Modern Family won a record-tying fifth best comedy series Emmy Award and a dominant Breaking Bad captured the top drama award and a trio of acting honours in today’s ceremony, which took a sombre turn as Robin Williams was remembered with restraint and grace by his longtime friend, Billy Crystal.
“He made us laugh. Hard. Every time you saw him,” Crystal said of Williams at the conclusion of a tribute to industry members who died last year. “Robin Williams, what a concept.”
“I used to think if I could put a saddle on him and stay on him for eight seconds, I was gonna do OK,” said Crystal.
“It’s very hard to talk about him in the past because he was so present in all of our lives,” Crystal continued. “He was the brightest star in the comedy galaxy.”
Crystal concluded by reflecting on the eternal glow Williams would continue to give off, long after he was gone.
“And you’ll think to yourself: Robin Williams, what a concept.”
Bryan Cranston was honoured as best actor in a drama for Breaking Bad, proving that True Detective nominee Matthew McConaughey’s movie-star appeal couldn’t conquer all.
“I have gratitude for everything that has happened,” Cranston said. His victory ties him with four-time best drama actor champ Dennis Franz. Cranston’s co-stars Aaron Paula and Anna Gunn were honoured in categories for best drama supporting acting,
“Thank you for this wonderful farewell to our show,” said Breaking Bad creator Vince Gilligan said of the series about a teacher-turned-drug kingpin that ended with a bang.
The Good Wife star Julianna Margulies won the Emmy for best lead actress in a drama series. “What a wonderful time for women on television,” Margulies said.
McConaughey was the object of too-handsome jokes by presenter Jimmy Kimmel and adoration by winner Gail Mancuso, honoured as best director for an episode of Modern Family.
“If you don’t mind, Matthew McConaughey, I’m gonna make eye contact with you right now,” she said from the stage, making good by holding the actor’s gaze for much of her speech.
The ceremony honouring the best of TV wasn’t shy about playing the movie-star card. “Six minutes to Woody Harrelson” flashed on screen during Colin Bucksey’s acceptance speech for best miniseries direction for Fargo.
Harrelson and his True Detective co-star were given time to banter before announcing that Benedict Cumberbatch of “Sherlock: His Last Vow” was the winner of the best miniseries actor award.
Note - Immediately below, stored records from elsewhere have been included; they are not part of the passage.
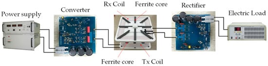 The proposed experimental setup for wireless power transmission is visualized in Figure 15, which includes a power supply unit, a power transmission module (consisting of a transmitter module, coils, and receiver module), and an electric load. The primary transmitter unit in the power transmission module consists of a full-bridge converter circuit, overcurrent and overvoltage protection circuits, and a controller circuit. The secondary receiver unit comprises a diode-based rectifier circuit and a capacitor. To measure transmission efficiency, input/output voltage and current were measured using a digital multimeter for high power. An input source configured the input power of the system using a high-power DC power supply capable of supplying up to 15 kW, and a high voltage DC electric load with a capacity of 600 W–14.4 kW was used on the power terminal.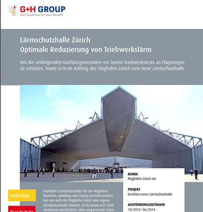 Um die umliegenden Nachbargemeinden vor lauten Triebwerkstests an Flugzeugen zu schützen, baute G+H im Auftrag des Flughafen Zürich eine neue Lärmschutzhalle.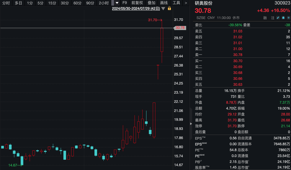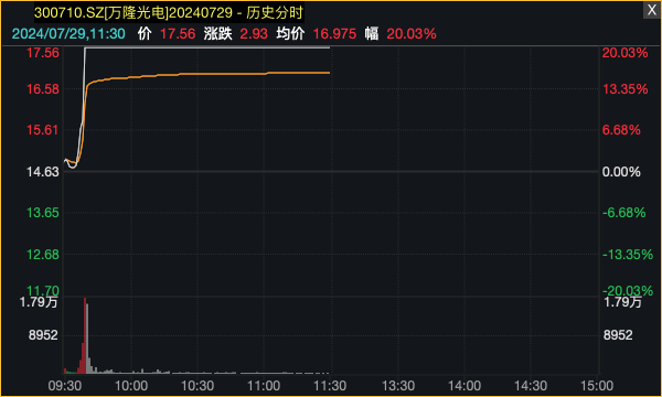 万隆光电开盘不到10分钟垂直20%涨停;研奥股份在连续2日20cm涨停后,今日盘中再度触及涨停;启明信息开盘一字涨停,近5日4涨停,股价创年内新高;航天晨光、万集科技等批量涨停或涨超10%。

“So you won Oscar, (People magazine’s) Sexiest Man Alive and now you want an Emmy, too. Isn’t that a little bit greedy” Harrelson teased his fellow nominee.
Fargo was named best miniseries, and the award for best miniseries actress went to Jessica Lange of American Horror Story: Coven.
Buffering the miniseries awards was a parody routine about top nominees by “Weird Al” Yankovic. Musical numbers usually look out of place at the Emmys, and this one was no different. Other scripted banter fell flat, although host Seth Meyers kept soldiering on.
CBS’ The Big Bang Theory star Jim Parsons was crowned as best comedy series actor, giving him his fourth Emmy and putting him in league with all-time sitcom winners Kelsey Grammer and Michael J. Fox.
ABC’s Modern Family, which tied Frasier as the all-time sitcom champ with five statuettes, also captured a best comedy supporting actor trophy for Ty Burrell. Allison Janney was honoured as best supporting comedy actress for CBS’ Mom,adding to the trophy she’d already picked up as guest actress on Masters of Sex.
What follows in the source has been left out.